3rd Sunday of Advent, December 17th, 2017

I have a classmate from Buffalo, NY who worked on the Vatican’s Congregation for Education for a period of time.  Living in Rome, he would, on occasion, head up the Gianicolo to concelebrate Mass at the seminary where we lived as students during theological studies; the North American College and affectionately known to alumni as “NAC”.

“They’re joyless!” Bob said to me when we were on vacation together some years ago.  “They’re absolutely joyless!”  He was commenting on the liturgical life he found there and during his time at the Vatican; so different from our experience when living there as seminarians.  Joyless because they had, to his eyes, become obsessively focused upon rubrics:  how to fold one’s hands and how to bow, for example; with the palpable fear of making any mistakes.  The music during the Mass orientated towards Latin and chant, with little, if any, contemporary liturgical music used in most parishes in the U.S. today.  The ambience seemed rarefied; joyless.

In his exhortation, “The Joy of the Gospel” Pope Francis writes:  “There are Christians whose lives seem like Lent without Easter.”  He goes on to warn that we “must never look like someone who has just come back from a funeral!”  (Pp. 3; 5)

This 3rd Sunday in Advent is known as “Gaudete” Sunday; Latin for “Rejoice”.   In the prophet Isaiah for Gaudete Sunday we hear the words:  “I rejoice heartily in the Lord, in my God is the joy of my soul.”  (Isaiah 61:10)

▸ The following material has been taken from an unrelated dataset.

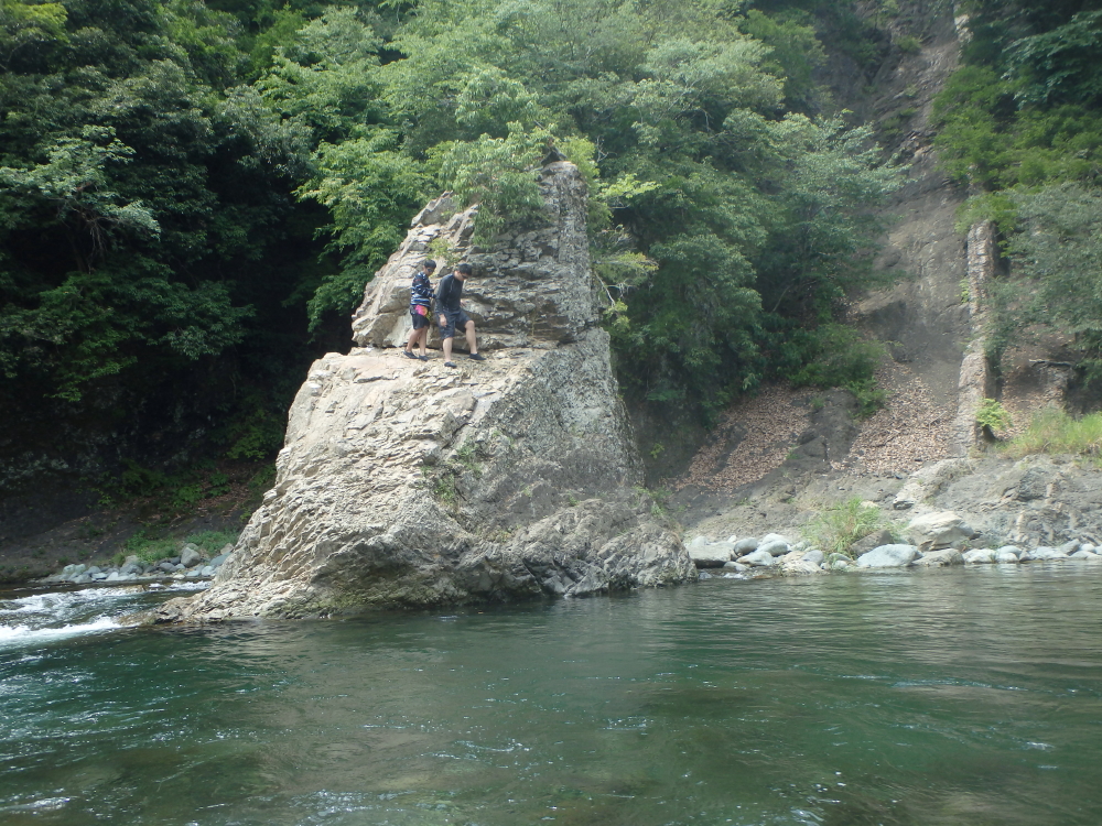 | 目の前には、600万年前の地層と言われる岩が連なっていた。その中に、飛び込み岩とも呼ばれている天王岩があったので、中腹まで登って見る。早速、兄弟で天王淵に飛び込んで遊ぶ。 |

What is this joy and why does it seem elusive?  The joy God promises is quite different from the Bacchanalian joy embodied in Dicken’s Ghost of Christmas Present and when he appears to Scrooge.  I attended the production this year and noticed, for the first time, how the Ghost’s hair turns gray as his time with Scrooge runs out.  Such joy wears thin and grows old.  It cannot last, though we vainly try to make it so.

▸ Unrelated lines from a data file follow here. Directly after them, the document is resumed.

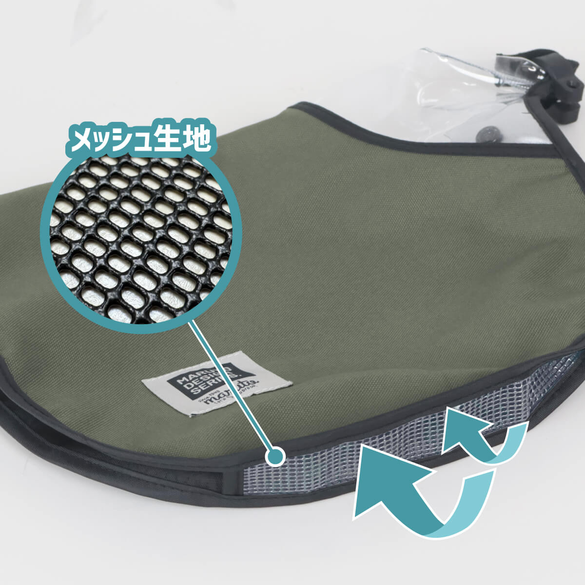 カバー下がメッシュになっていることで風通しがよくなり、ムレずに涼しく快適に使える。
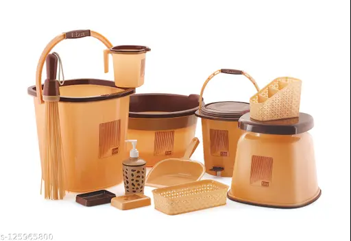 Name : Liza opera Plastic Bucket, Tub & Mug Bathroom Set 11 Pcs, Heavy Duty, Large Capacity, Brown
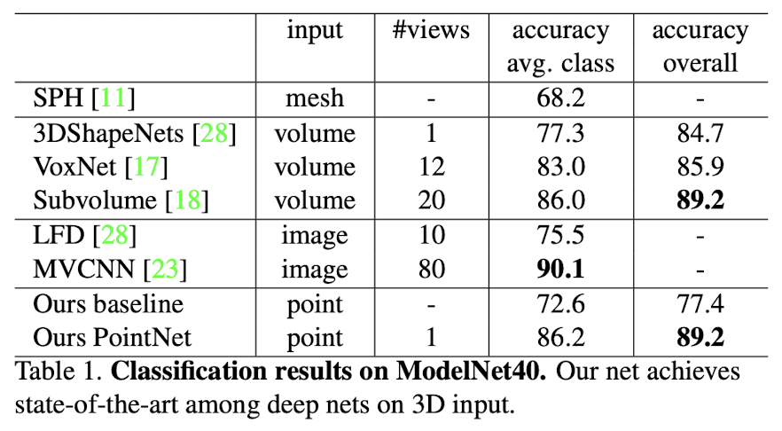 <Table 1> ์ ๋ณด๋ฉด 3D ์ ๋ ฅ(mesh, volume, point) ์ ๊ธฐ๋ฐ์ผ๋ก ํ ๋ฐฉ๋ฒ๋ค ์ค์์๋ Ours PointNet ์ด ์ต๊ณ ์ ์ฑ๋ฅ(89.2) ์ ๋ณด์์ง๋ง, ๋ค์ค ๋ทฐ ๊ธฐ๋ฐ ๋ฐฉ๋ฒ(MVCNN) ์ ๋นํด์๋ ์ฝ๊ฐ ๋ค์ฒ์ง๋ค. ๊ทธ ์ด์ ๋ ๋ค์ค ๋ทฐ ๋ ๋๋ง ์ด๋ฏธ์ง๊ฐ ํฌ์ธํธ ํด๋ผ์ฐ๋์์ ๋์น ์ ์๋ ์ธ๋ถ์ ์ด ๊ธฐํํ์ ์ ๋ณด๋ฅผ ๋ ์ ํฌ์ฐฉํ ์ ์๊ธฐ ๋๋ฌธ์ด๋ผ๊ณ ํ๋จ๋๋ค.
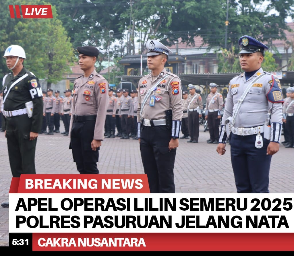 PASURUAN — Polres Pasuruan menggelar Apel Gelar Pasukan Operasi Lilin Semeru 2025 sebagai bentuk kesiapan pengamanan dan pelayanan perayaan Natal 2025 serta Tahun Baru 2026, di halaman Mapolres Pasuruan, Wicakwana Laghawa, Jumat (19/12/2025).
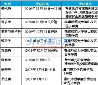 泉州晚报讯(记者曾聪虹 陈士奇)2017年福建省普通高校艺术类专业招生省级统一考试将于12月10日拉开,凡报考普通高考文科艺术类、理科艺术类和高职招考面向中职生考试的美术类、音乐类考生均须参加艺术类省统考。

What, then, is this gospel joy?  How does it look?  Let me offer two faces of such joy from my own life that came quite unexpected; taking me by surprise.

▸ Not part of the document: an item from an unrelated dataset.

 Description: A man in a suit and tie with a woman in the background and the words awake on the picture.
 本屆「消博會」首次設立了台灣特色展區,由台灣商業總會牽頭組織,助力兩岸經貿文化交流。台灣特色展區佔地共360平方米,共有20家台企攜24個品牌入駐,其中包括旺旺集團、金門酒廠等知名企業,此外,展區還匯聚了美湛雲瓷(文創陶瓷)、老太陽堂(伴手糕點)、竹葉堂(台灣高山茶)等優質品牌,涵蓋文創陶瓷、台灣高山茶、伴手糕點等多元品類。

A few weeks ago, the Pre-K class was at recess on the upper playground.  As I watched, this little guy squatted before a rain puddle and, all alone, began playing on its surface; like a set of bongos!  I found myself grinning at his delight.  It opened me to the time when I was that small and simple in my approach to life.

Another morning, I was standing at my kitchen window, looking at nothing, really; out at my small garden deck and at the summer flowers gone to seed.  Suddenly, two birds, Oregon Juncos, flew in and began feeding on some unseen feast beneath those lifeless stems.  As I watched, I found myself smiling.  It lightened a rather serious morning.  And I thought of Jesus’ words from the gospel of Matthew; about birds and how “They do not sow or reap or gather into barns; yet your heavenly Father feeds them.”  Will I ever learn?

Sometimes, we make life heavy; a resented burden and joyless.  We need to lighten up.  Yes, life involves suffering.  We’ve all known our share of tears.  The world today seems lost:  from devastating fires and sexual harassment ad nauseum to nocturnal tweets.  Nevertheless, the makings for joy are there.  When you take time to live Advent by watching, by waiting, and making yourselves small, then the gift that is there is received.  You’re ripe for joy in ways that will surprise and bring you to the One “who is opening to you so deeply” (Simeon the new Theologian); upon the surface of your life and within your own backyard.